You need to distinguish the theoretical definition of a density cluster from the efficient algorithm output, which only "almost" gives the theoretical result for a good reason: In the theoretical model, q would be part of both clusters. But that is inconvenient and surprising to users.
You are not the first to notice. Even Wikipedia knows this:
While minPts intuitively is the minimum cluster size, in some cases DBSCAN can produce smaller clusters.[5] A DBSCAN cluster consists of at least one core point.[5] As other points may be border points to more than one cluster, there is no guarantee that at least minPts points are included in every cluster.
Reference [5] is the article
Schubert, Erich; Sander, Jörg; Ester, Martin; Kriegel, Hans Peter; Xu, Xiaowei (July 2017). "DBSCAN Revisited, Revisited: Why and How You Should (Still) Use DBSCAN". ACM Trans. Database Syst. 42 (3): 19:1–19:21. doi:10.1145/3068335. ISSN 0362-5915.

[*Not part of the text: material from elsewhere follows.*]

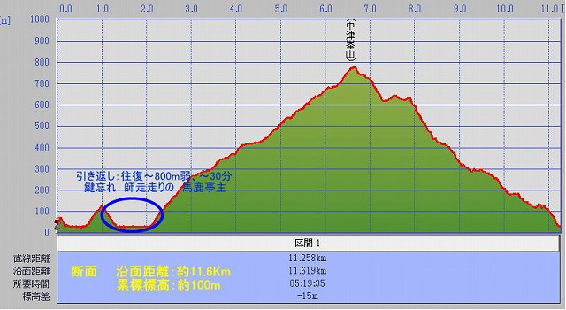 今回は少し登ったところで、車のロック忘れに気付き荷物を置いて走りおりてから登り返し。更にトレーニング効果ありの累積標高差は1100m超(^_^)。 |
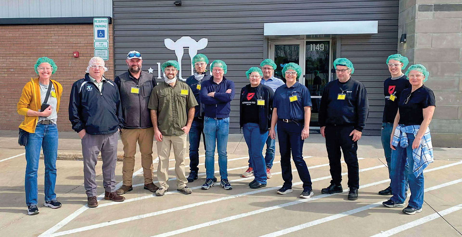 Styret på meieribesøk hos 1836 Farms som opplever eventyrlig økning i etterspørselen etter økologisk smaksatt mjølk på glassflasker. Fra venstre Eli Hveem Krogsti, meieribestyreren, Josh Hoffmann, Matthew Hoffmann, Lars Egil Hognes, Ton van de Goor, Anne Margrethe Solheim Stormo, Tommy Skretting, Elisabeth Gjems, Idar Dombestein, Vegard Smenes, Margrete Nøkleby.

Which contains the footnote:
Note that this can, in rare cases, lead to a cluster with fewer than minPts points, if too many border points are reachable by different clusters, and have previously been assigned to other clusters. Every cluster will at least have one core point. Multi-assignment to exactly represent the theoretical model—or an assignment by shortest distance—can be implemented easily.